• [Aim of the exercise]:
Take the lines from the one with "Install a new" to the end of the listing, both ends included, and quote them exactly, leaving pictures out.

• [Given data]:
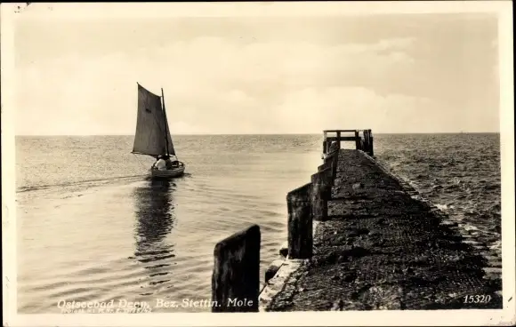Ak Mrzeżyno Deep Pommern, Mole, Segelboot in Fahrt, Meerespanorama
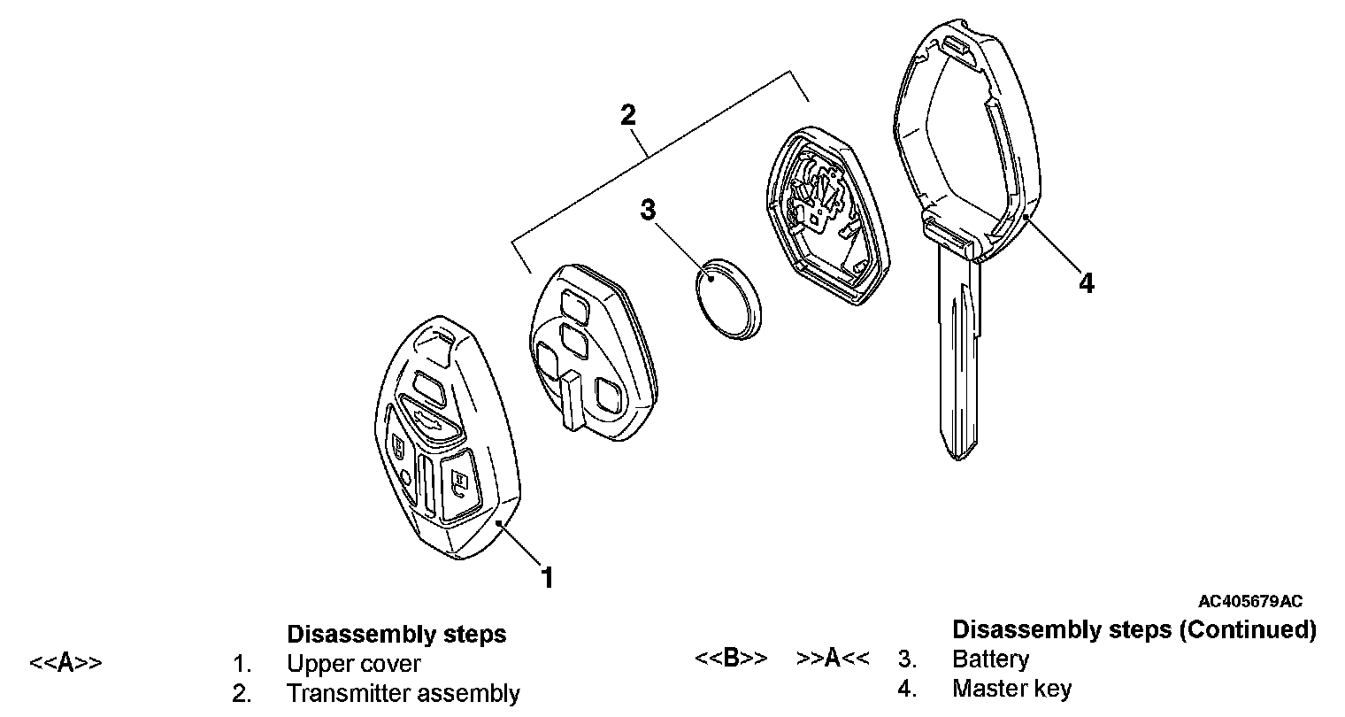 Install a new battery to the transmitter assembly with its (+) side facing towards the master key side.
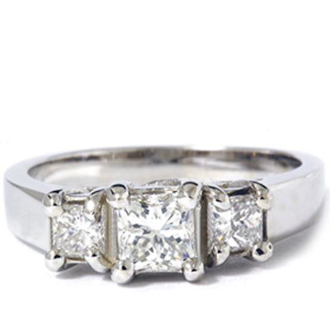 1ct Three Stone Diamond Ring 14K White Gold

• [Answer space]:
 Install a new battery to the transmitter assembly with its (+) side facing towards the master key side.
 1ct Three Stone Diamond Ring 14K White Gold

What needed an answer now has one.